The Cover
Strategic unity
The UK has a new international education strategy, and Australia looks set to start work on its own framework. Why do we have these strategies and what do they achieve?
By Anton John Crace
"One country’s national education strategy helped close the loop on another’s international education strateg."
“Top-level international education strategy provides a set of unifying ambitions and goals for a country’s sector.”
“Alignment is not automatic; there will always be differing views on priorities.”
"International student recruitment started to evolve as a business... on the back of strategy."
"While strategies set direction and intent, they cannot account for external shocks, or changing global conditions."
In brief
- National international education strategies unify sectors and signal strong government backing in a competitive global market.
- These frameworks serve three key audiences, government, the sector, and the public, facilitating major cross-border successes like the establishment of new UK university campuses in India.
- Success requires managing political pressures and external shocks. While often compromises, these strategies provide essential platforms for innovation and responding to changing global conditions.
The UK international education sector has already had a strong start to the year.

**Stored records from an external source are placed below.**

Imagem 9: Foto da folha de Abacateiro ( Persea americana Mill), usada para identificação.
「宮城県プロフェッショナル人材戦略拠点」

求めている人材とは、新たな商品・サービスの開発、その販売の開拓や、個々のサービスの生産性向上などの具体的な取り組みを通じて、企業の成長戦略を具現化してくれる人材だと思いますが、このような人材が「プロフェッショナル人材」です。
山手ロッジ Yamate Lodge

In mid-January, it received what it had been anticipating for some time. After two years of policy changes and plans – such as the tightening of dependent visa rules, a planned reduction in the graduate visa’s duration from next year, an immigration white paper, and an international student levy, also planned for a later date – the government released its 2026 UK International Education Strategy.
Responses have varied.
Jamie Arrowsmith, Director of Universities UK International, called the document “an important moment” and welcomed the “renewed commitment to fostering the global reach, reputation and impact of [UK] universities” in a post on his organisation’s website.

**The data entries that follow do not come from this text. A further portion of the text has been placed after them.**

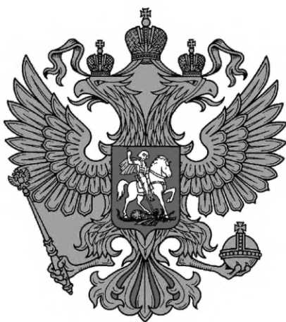
Государственный герб Российской Федерации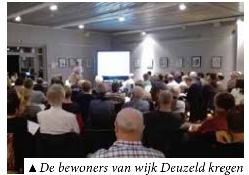
▲ De bewoners van wijk Deuzeld kregen meer uitleg over de basisprincipes van de BIN-werking.

Bewoners werken op vrijwillige basis samen met de BIN-coördinatoren, die in rechtstreeks contact staan met de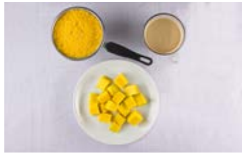
Café com leite, cuscuZ e manga

Com relação aos demais alimentos do café da manhã, a variedade é grande, incluindo o consumo de preparações à base de cereais ou de tubérculos e mesmo, em um dos exemplos, o consumo de ovos. A variedade reflete preferências regionais exemplificadas com o consumo da tapioca, do cuscuZ e do bolo de milho.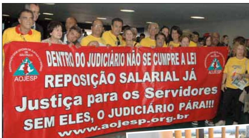
Oficiais de Justiça liderados pela AOJESP se manifestam nos corredores da Câmara Federal.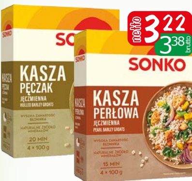
kasza jęczmien pęczak 4x100g kasza jęczmienna perl. 4x100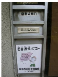
へんきやく ぼす と 返却 ポスト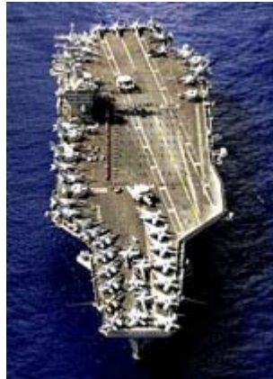
Foto: El portaviones Nimitz.

El Dwight D. Eisenhower (que suele transportar hasta 80 cazabombarderos) lleva meses emplazado (78).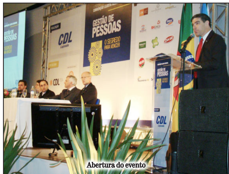
Abertura do evento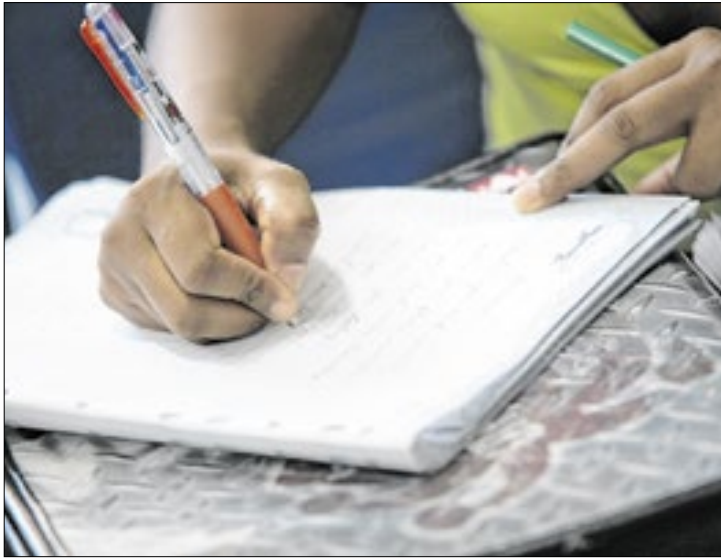
Abertas as inscrições para o curso extensivo da Fundação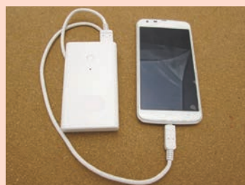
▲モバイルバッテリー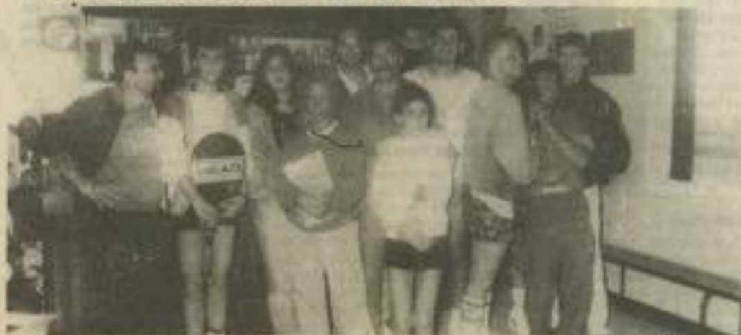
• Les gagnants au club-house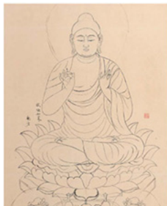
写真左から 下絵 四天王寺宝塔 釈迦如来(部分) 在りし日の四天王寺宝塔堂内 1941年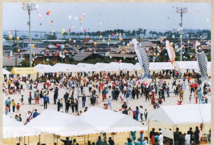
町制施行100周年淀江町運動公園で記念体育大会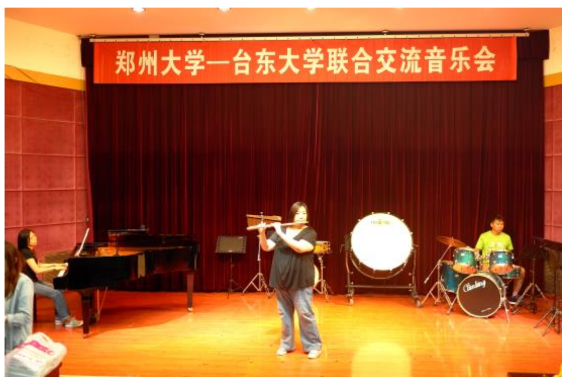
臺東大學與鄭州大學聯合交流音樂會總彩排

QS Quacquarelli Symonds CEO, Jessica Turner, in a statement on her company’s website, applauded the strategy’s goals as “ambitions that matter deeply to the sector”, adding that “the strategy’s renewed emphasis on openness and reputation is therefore not only welcome, but also essential”.
Others were less generous. In a — somewhat — tongue-in-cheek response, Director of the Higher Education Policy Institute, Nick Hillman, expressed relief the strategy was “finally out”, before making a point to observe the document’s higher volume of padding, larger font size, and lack of clear “Actions” compared to its 2019 edition. In case anyone wondered if he was being sincere in those observations, he removed any doubt.
“A confident country keen to expand its share of a particular global market tends to project itself as such, whereas a thinner paper that hedges its bets may be regarded, perhaps accurately, as reflecting lukewarm support for educational exports in parts of Whitehall,” he wrote.
Hillman’s comments hint at the power of an international education strategy. For documents that can be fewer than 20 pages or, as he observes, be padded with larger-than-expected font, they can elicit strong and immediate responses.
Strategies are also clearly something that markets and governments want. In addition to the UK, Germany, Canada, Australia, New Zealand and Japan, among many others, share in having some variation of a strategy, each with their own overlapping and unique goals and ambitions.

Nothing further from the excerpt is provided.